Extended Data Fig. 6.. DNA methylation patterns as determined from the ONT data across the three contiguously assembled Y chromosomes.
Methylation patterns for samples: a. HG1890, b. HG02666 and c. HG00358. The three dot plots (in grey) show the smoothed DNAme levels, in 5 kbp windows for visualization, in beta-scale ranging from 0 (not methylated) to 1 (methylated). The locations of Yq12 repeat arrays (DYZ18, 2.7kb-repeat, 3.1kb-repeat, DYZ1 and DYZ2) and the Y-chromosomal subregions are shown below as bar plots.
Extended Data Fig. 7.
Extended Data Fig. 7.. Functional analyses on the Y chromosome with DNA-methylation, RNA expression and HiC information as anchored to GRCh38 Y.
a.
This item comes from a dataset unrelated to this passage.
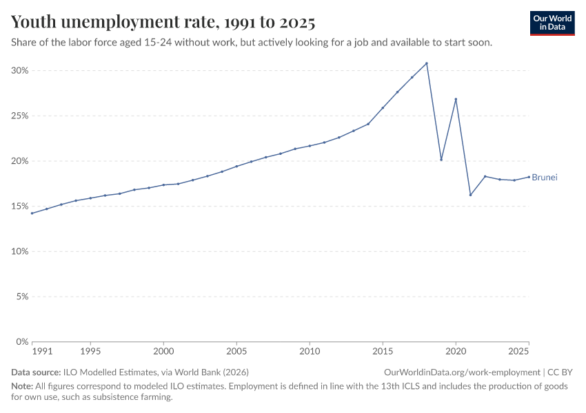 ILO Modelled Estimates, via World Bank (2026) – processed by Our World in Data. “Youth unemployment rate – ILO” [dataset]. ILO Modelled Estimates, via World Bank, “World Development Indicators 125” [original data]. Retrieved April 16, 2026 from https://archive.ourworldindata.org/20260304-094028/grapher/unemployment-rate-for-young-people.html (archived on March 4, 2026).

The top three panels show DNA-methylation levels and variation over the studied chromosomes (n=41). In black (top dot plot) the average methylation is shown, in green (middle dot plot) the variation in DNAme levels across the studied genomes. The bottom boxplot represents the DNA methylation segmentation using PycoMeth-seg (Methods). In grey shades 2,861 methylation segments, and in red shades the 340 significantly differentially methylated segments (DMS). The CpG sites that fall in a DMS are coloured in a lighter shade in the top two dot plots, the dot plots are in beta-scale, ranging from 0 (not methylated) to 1 (methylated). b. Average insulation scores (top) and variance of insulation scores between any two samples (bottom) across 40 samples with Hi-C data with 10 kbp resolution. Regions with lower insulation scores are more insulated and more likely to be topologically associating domain (TAD) boundaries, while regions with higher scores are more likely to stay inside TADs (the regions between the two adjacent TAD boundaries). The y-axis represents the average insulation scores ranging from −2 (most insulated) to 2 (least insulated) and the variance insulation scores ranging from 0 (no variance) to 8 (more variance). c. The Geuvadis based gene-expression analysis, shown are the 205 genes on the Y chromosome (grey shades), the 64 genes expressed in the Geuvadis LCLs (blue shades), of which 22 are differentially expressed (red shades, Supplementary Results ‘Functional analysis’ for additional details).
Extended Data Fig. 8.
Extended Data Fig. 8.. Composition of the Y-chromosomal (peri-)centromeric regions.
a. Organization of the chromosome Y centromeric region from 21 genomes representing all major superpopulations. The structure (top), α-satellite HOR organization (middle), and sequence identity heat map (bottom) for each centromere is shown and reveals the presence of novel HORs in over half of the centromeres. Note - the sizes of the DYZ3 α-satellite array are shown on top as determined using RepeatMasker (Methods). b. Genetic landscape of the Y-chromosomal pericentromeric region for three select samples (see Figs. S47–S48 for all samples). The top panel shows locations and composition of the pericentromeric region with repeat array sizes shown for each Y chromosome (the DYZ3 α-satellite array size as determined using RepeatMasker, Methods). The middle panel shows (UL-)ONT read depth and bottom sequence identity head maps generated using StainedGlass pipeline (using a 5 kbp window size).
Extended Data Fig. 9.
Extended Data Fig. 9.. Divergence of DYZ18, Yq11 /Yq12 transition region and DYZ1 repeat units.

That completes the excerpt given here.